Yes I have those reference books but I do not have access to IRE procedings.
My quest was not an easy one and I reflected long as to why the NEC model
did not reflect an absolute zero Front to back. On reflection I realised
that a straight
element in an array is not necessarily the most efficient radiator. Then you
have the position
that a deformed radiator must have a definite coupling on other elements as
shown by Moxon
to have a resistive impedance, he used the bending of elements to pursue
this.
And there are other things to be concerned about such as element diameter
change as we move
away from the center as well as the element structure that is tubular and
not solid which would portray
a different aproach with respect to skin resistance. One thing I did look at
was the difference in F/B
when I went for maximum gain and the change that occured when I went for
maximum F/B and I was
surprised to see the F/R increase at a large rate and reach its maximum of
more than
50 percent improvement ( actually 100 % improvement for the low TOA )at the
loss of less than
one half db loss in gain because the range of maximum gain was reduced. In
retrospect this is not
surprising as the frontal lobe became larger in diameter at a lesser
percentage rate of what was
taken from the rear

Hopefully the weather will change soon so I can see exactly what is
happening with a full scale
array
Regards
Art

"Jerry Martes" wrote in message
news:Mf0Yd.43497$uc.34067@trnddc01...

Art

If your question is "is there any written work that pertains to how gain
and sidelobes are related", the answer is Yes. I dont know where back
issues of the IRE Proceedings can be found. But, the Proceedings of the
Professional Group on Antennas will have so much information on current
distribution on a planer array that you may not have enough time left to
read it all.
The current distribution across an antenna aperature has been studdied
very seriously.

I am not qualified to discuss phased arrays. I am convinced that max
gain will not be acheived with the same current distribution as for
minimum side lobes. I realize that you write only "back lobes". But,
thats a side lobe at that special angle
I am rather simple minded when it comes to phased arrays. I use
Referance Data For Radio Engineers as a referance book. It has alot of
information on phased arrays. I suspect all the information I have has
already been concidered by you.

Jerry


" wrote in
message news:2w_Xd.52445$Ze3.8223@attbi_s51...
O.K..O..K Seems like everybody has forgotton the basics of the polygon of
forces
and other uses of vector so I will go over the basics.
At the age of 14 yearsI entered the School of Engineering and Navigation
where they hashed things from first principles, Since I had little
schooling
during those war years it gave me an accelerated course on what I had
missed
during those schoolless years which meant a lot of homework and I had to
work like hell.
From the name of the school it was evident that I would get a quick
introduction
on vectors for forces and navigation
. This went as follows:
When you swim across a swimming pool then you can swim point to point.
If you swim across a river and tried to swim point to point you finish up
on the
other side but down, stream thus to get to the original point of the
endeavor you
must swim upstream.

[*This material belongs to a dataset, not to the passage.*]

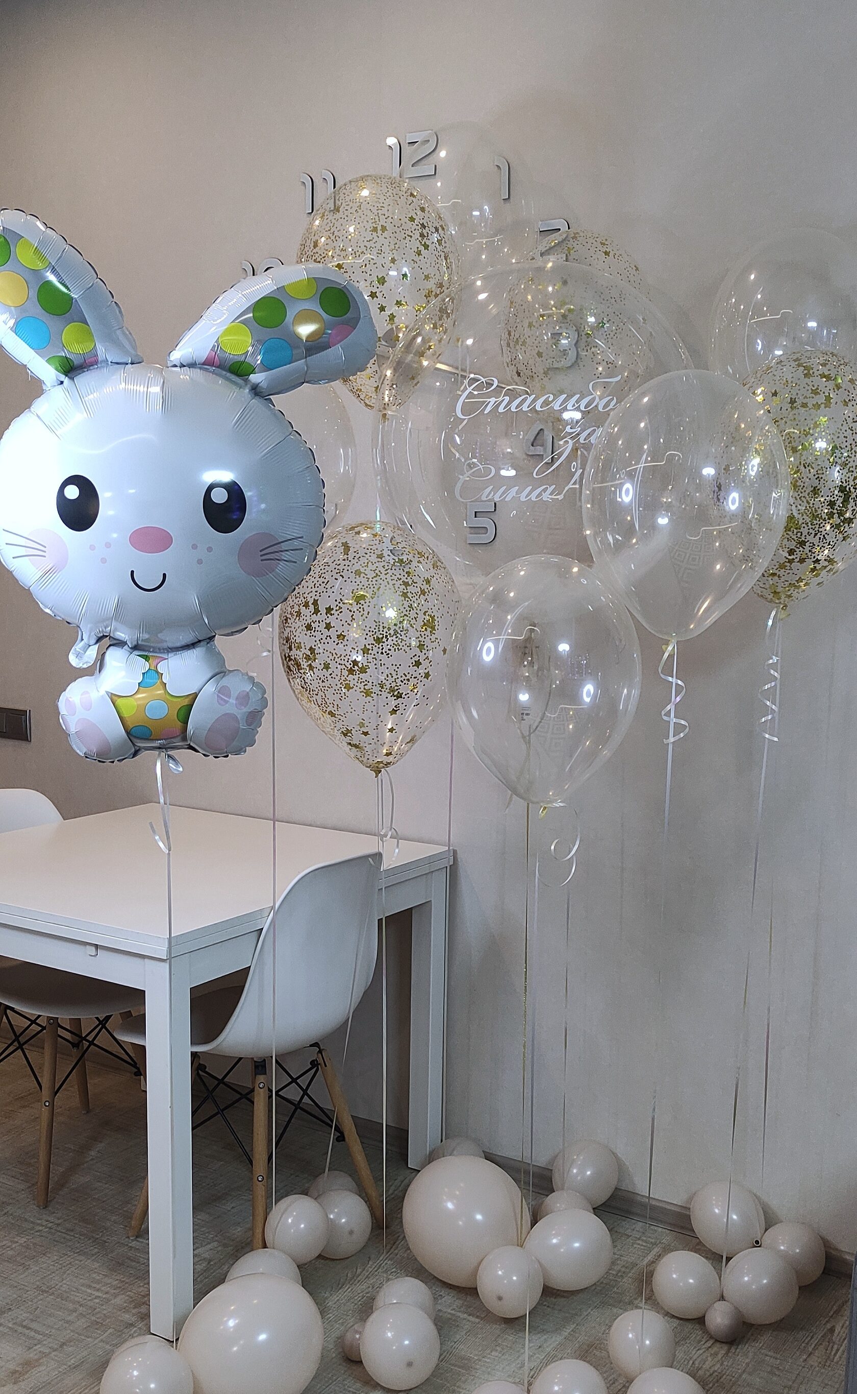 Кристально прозрачные шары 5 шт и шары с конфетти 4 шт , баблс с перышками 60 см- как мыльные пузырики, и милый зайка.

If you are a ship or a plane it is obvious that you
must have enought fuel
to get from point to point so this becomes very important.
Thus going back to the river swim you can draw a vector or line
that follows the path you took first to cross the river. Since you have
units such as time and distance
you can draw that line in scalar form. Then you add on to the tail end of
the line the journey upstream
again in scalar form which will be something less than a 90 degree angle.
If you then look back at the point that you started from it becomes
obvious that when you swim across stream
the angle you must follow is the angle which is shown from the beginning
of the triangle to
the point that you finished up. Next time you are on a plane look
downwards and pick up the flight pattern
of small private planes and you will see that their flight path is
different from the angle projected by the fuselage
All this is in accordance with Newton's law that 'every action has an
equal and opposite reaction.'
Now look below at my original post to what I said and you will see that I
applied a scalar drawing that consisted
of many scalae directions in the same way a sailing ship would do if it
had to keep changing
direction to get to shore. The first vector drawn for an element with
known phase and current was drawn
which happened to be a vertical line of known length. The next line was
then added at the end
to reflect the current and phase of the next element chosen and then onto
the next element chosen.
But this element presented a phase and current that was equal and
opposite to the one previously drawn
which meant that I was back to the tail end of my first vector chosen !
Thes two elements are termed destructive
In fact this happened several times
where vectors cancelled each other so we are just left with a singe
vector in our scalar drawing .This
meant to get back to the point of origin and remembering Newton's law
previously alluded to the scalar
drawing it represents a vector that is equal to the starting vector
drawn, THE SAME PHASE and same
CURRENT. Thus the polygon reflects an array where the phase is constant
but the currents are ADDITIVE
This represents the radiation pattern of a figure eight EXCEPT all the
radiation is now to one
side of the feed point and comprising of a single and larger circle.
All of this reflects exactly what I stated below except I assumed that
the pologon phase drawing was
already known to all, for which I apologise.
With NEC I constructed a model that closely followed this format though
the real world did not
make elements exactly equal but when I rehashed in my mind the basic
priciples the polygon aproach verified
that this aproach does give extraordinary front to back/rear figures that
gave rise to mistrust of the
softwear being used where you may remember that I commented on a model
that I made and where
the response was that the f/b was to high a point that had troubled me
for many a month.
Sorry for the long winded response which reflects what I have gone thru
with my postings which
apparently projected me as a total fool that gave rise to dirisive
comments.
Now I ask again, is there any written work that pertains to max gain and
f to b/rear being on the same frequency?
Best regards to all, no hard feelings
Art KB9MZ................XG




" wrote in
message news:dySVd.30807$r55.174@attbi_s52...
I have just come to realise that if one drew a polygon of element phases
in a array
and all elements were 180 degrees to its companion element and excluding
the
driven element, the max gain and max front to back will occur at the
SAME frequency!
Until now I was of the understanding that these two max figures could
not occur at
the same frequency. Is there anything written about this possibility?
Regards
Art